** Exercise description **
Write the data out again, character for character, with no images.

——

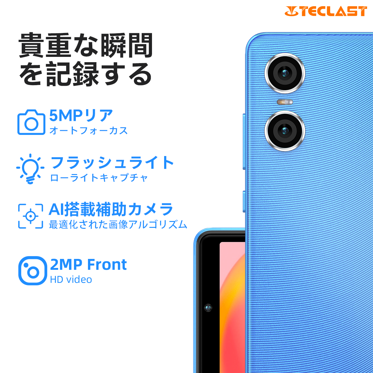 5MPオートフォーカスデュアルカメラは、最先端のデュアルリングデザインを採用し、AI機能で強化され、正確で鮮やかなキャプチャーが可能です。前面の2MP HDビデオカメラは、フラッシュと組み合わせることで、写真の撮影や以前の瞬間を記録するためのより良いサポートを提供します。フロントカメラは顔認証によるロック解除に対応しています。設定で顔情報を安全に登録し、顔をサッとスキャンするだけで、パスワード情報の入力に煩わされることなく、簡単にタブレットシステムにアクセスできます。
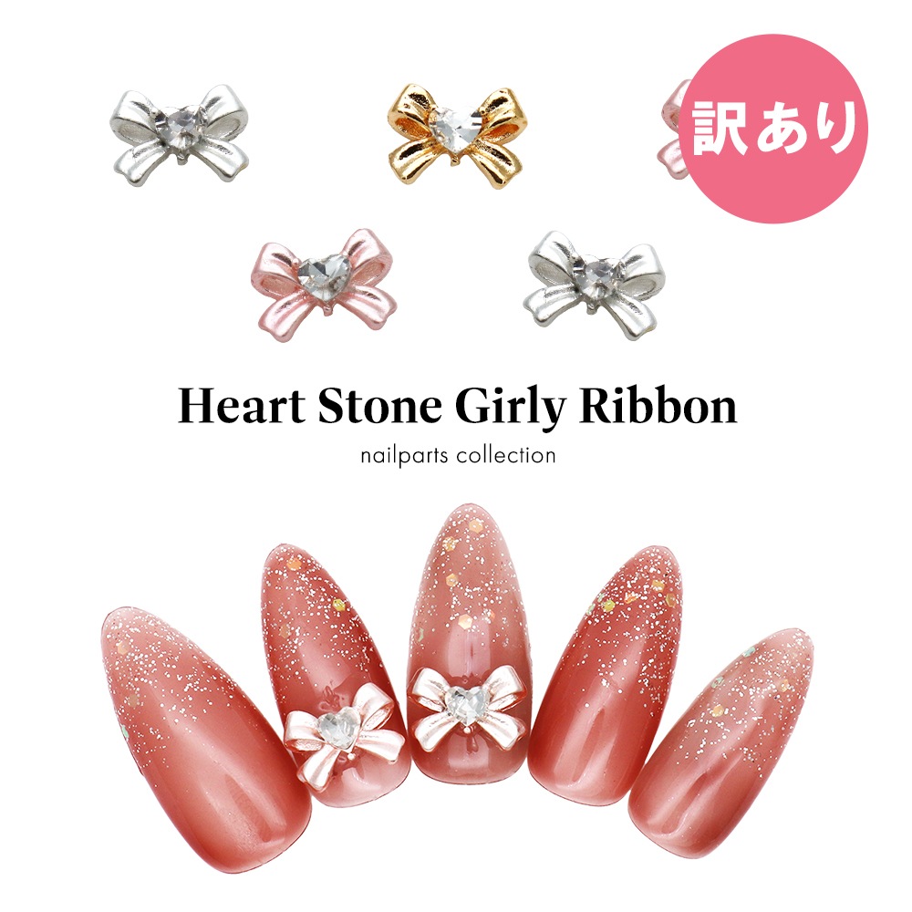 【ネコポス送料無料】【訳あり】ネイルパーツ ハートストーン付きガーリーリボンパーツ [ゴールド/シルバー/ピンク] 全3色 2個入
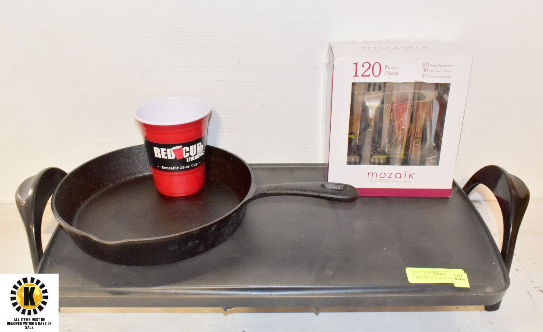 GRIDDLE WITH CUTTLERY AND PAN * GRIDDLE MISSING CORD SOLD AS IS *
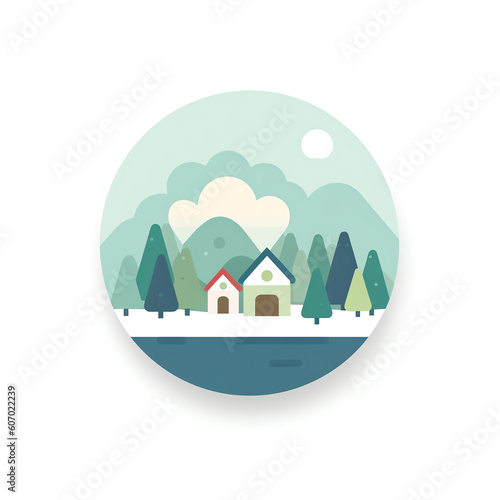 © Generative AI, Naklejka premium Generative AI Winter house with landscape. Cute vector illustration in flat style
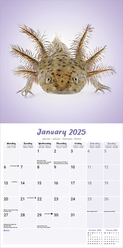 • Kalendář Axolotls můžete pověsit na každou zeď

——

** Your response **
 5MPオートフォーカスデュアルカメラは、最先端のデュアルリングデザインを採用し、AI機能で強化され、正確で鮮やかなキャプチャーが可能です。前面の2MP HDビデオカメラは、フラッシュと組み合わせることで、写真の撮影や以前の瞬間を記録するためのより良いサポートを提供します。フロントカメラは顔認証によるロック解除に対応しています。設定で顔情報を安全に登録し、顔をサッとスキャンするだけで、パスワード情報の入力に煩わされることなく、簡単にタブレットシステムにアクセスできます。
 【ネコポス送料無料】【訳あり】ネイルパーツ ハートストーン付きガーリーリボンパーツ [ゴールド/シルバー/ピンク] 全3色 2個入
 GRIDDLE WITH CUTTLERY AND PAN * GRIDDLE MISSING CORD SOLD AS IS *
 © Generative AI, Naklejka premium Generative AI Winter house with landscape. Cute vector illustration in flat style
 • Kalendář Axolotls můžete pověsit na každou zeď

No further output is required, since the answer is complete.